#### Entries shown:
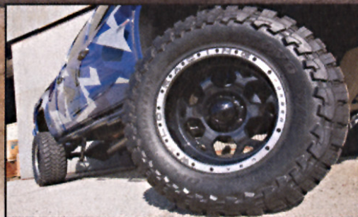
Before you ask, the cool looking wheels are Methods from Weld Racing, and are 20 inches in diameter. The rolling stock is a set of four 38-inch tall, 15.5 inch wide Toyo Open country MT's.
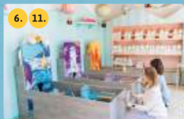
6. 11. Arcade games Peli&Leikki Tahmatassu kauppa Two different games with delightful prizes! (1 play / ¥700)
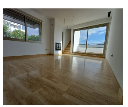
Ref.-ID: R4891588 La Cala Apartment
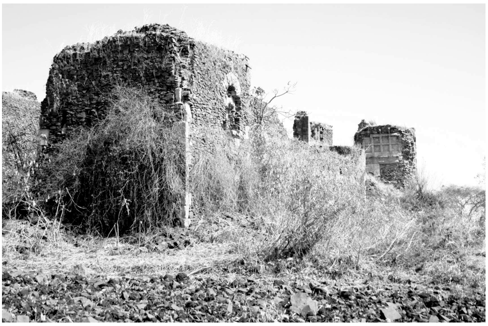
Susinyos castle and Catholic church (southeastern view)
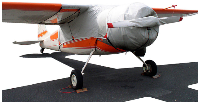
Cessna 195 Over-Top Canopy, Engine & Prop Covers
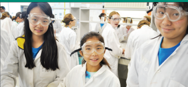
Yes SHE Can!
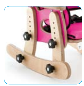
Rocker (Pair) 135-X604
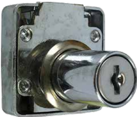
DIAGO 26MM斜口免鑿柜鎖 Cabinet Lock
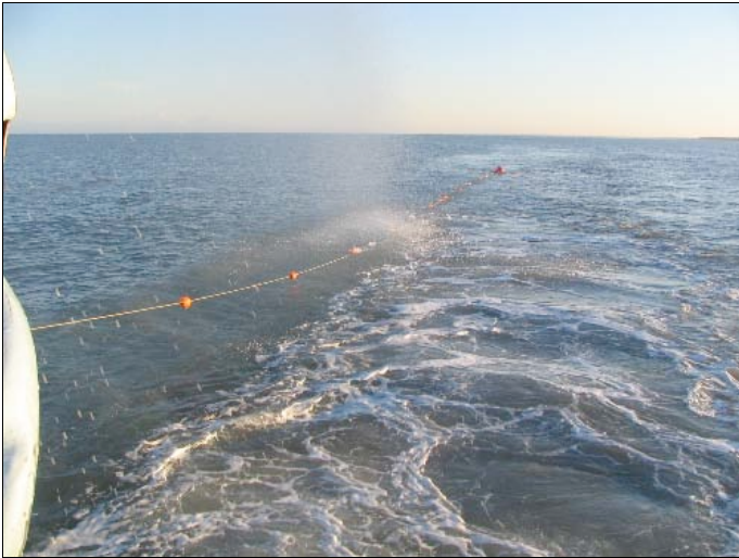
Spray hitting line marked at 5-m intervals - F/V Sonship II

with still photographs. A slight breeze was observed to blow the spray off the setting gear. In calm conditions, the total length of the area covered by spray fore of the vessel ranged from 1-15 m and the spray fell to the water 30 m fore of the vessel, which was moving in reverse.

==

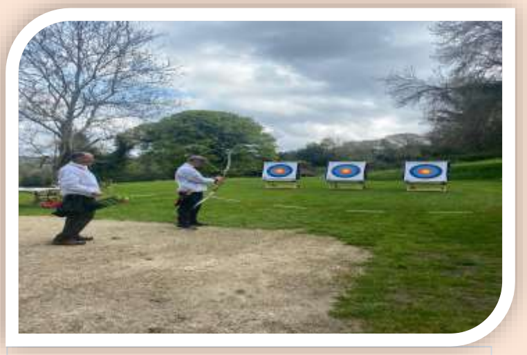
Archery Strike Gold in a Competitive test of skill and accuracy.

---

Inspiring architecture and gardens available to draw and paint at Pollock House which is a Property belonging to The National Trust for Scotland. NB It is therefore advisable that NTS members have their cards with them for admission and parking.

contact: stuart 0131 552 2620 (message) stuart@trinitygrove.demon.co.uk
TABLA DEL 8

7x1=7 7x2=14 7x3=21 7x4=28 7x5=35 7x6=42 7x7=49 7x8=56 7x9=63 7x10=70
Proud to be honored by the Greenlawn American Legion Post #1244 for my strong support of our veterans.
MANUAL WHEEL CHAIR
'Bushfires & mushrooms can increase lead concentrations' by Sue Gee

#### Task item:
Here the job is to copy the stretch of records from the line containing "Before you ask, the" through the line containing "Spray hitting line", word for word. Leave every picture out.

#### Answer box:
Before you ask, the cool looking wheels are Methods from Weld Racing, and are 20 inches in diameter. The rolling stock is a set of four 38-inch tall, 15.5 inch wide Toyo Open country MT's.
6. 11. Arcade games Peli&Leikki Tahmatassu kauppa Two different games with delightful prizes! (1 play / ¥700)
Ref.-ID: R4891588 La Cala Apartment
Susinyos castle and Catholic church (southeastern view)
Cessna 195 Over-Top Canopy, Engine & Prop Covers
Yes SHE Can!
Rocker (Pair) 135-X604
DIAGO 26MM斜口免鑿柜鎖 Cabinet Lock
Spray hitting line marked at 5-m intervals - F/V Sonship II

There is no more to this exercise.